Public schooling options are decided for them based on location, presenting the perfect opportunity for a vicious cycle to begin. Students from worse economic backgrounds don’t have the same opportunities afforded to them, pushing them into the public school system that won’t prepare them for post-graduate life. The facilities are poor, the funding is underwhelming, and the environments are sometimes unsafe and unfit for proper education. These factors culminate in what’s called the school to prison pipeline.
In the late 90’s, programs began popping up around the country that helped ease the issue of a lack of school choice. The first, a program and corresponding legislation helped along its way by Lincoln Strategy Group’s own Managing Director Nathan Sproul, was the Arizona Original Individual Income Tax Credit Scholarship Program. While it’s a bit of a mouthful in name, the program awarded over 30,000 scholarships in 2014-2015 alone, helping bring choice to children in Arizona.
The legislation and program have faced scrutiny in the past, holding up against three court challenges since its inception. In each instance, school choice came out victorious, striking a blow against those who wished to reduce the options allocated to those in the middle and lower class.

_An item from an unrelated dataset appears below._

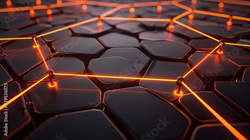 © AI Farm, Obraz premium Complex digital network connections with floating, glowing data nodes and lines

The creation of the Arizona Original Individual Income Tax Credit Scholarship Program has worked in tandem with the Corporate Tax Credit Scholarship Program in Arizona to help increase school choice options in the state.
The way they work is both straightforward and immensely beneficial for donors. The money that is sent to programs like the Arizona Christian School Tuition Organization (ACSTO) or Tuition Organization for Private Schools (TOPS) is then credited, dollar-for-dollar, towards any money you may owe come tax season. Taxpayers may select private, charter, or public schools to be the recipient of their tax credits.
The video below from ACSTO explains the process in more detail.
Other states have begun to take notice of the outcomes of these programs since Arizona’s pilot program in the 90s. States like Florida have adopted very similar programs, seeing coinciding degrees of success. With the expansion, growth and success of the programs across the nation, the current state of the GOP school choice platform is also shifting, capped off by Betsy DeVos’s position as Secretary of Education under Donald Trump.
The payoff in Arizona has been palpable. US News & World Report’s 2017 list of the best high schools in the country ranked Arizona charter schools in each of the first three spots and five of the top seven.
More recently, Arizona Governor Doug Ducey signed a bill that passed through the Legislature to expand the eligibility of the program already in place, allowing for any of the state’s residents to use taxpayer funds that would normally go towards public schools instead to the private school of their choice. The move by Ducey grew the state’s Empowerment Scholarship Account program, making it one of the largest in the country.
While the move was met with anger by Democrats due to a perceived increase in taxes and school spending, the revised version of the plan actually saves the state just over $3 million over the next 5 years in addition to expanding the opportunity of schoolchildren around the state.
While it may raise some eyebrows when you consider just how long your children spend in school, what’s more is the fact that those figures are climbing quickly. It’s now becoming more important than ever to offer choices to the next generation of employees, business people and leaders.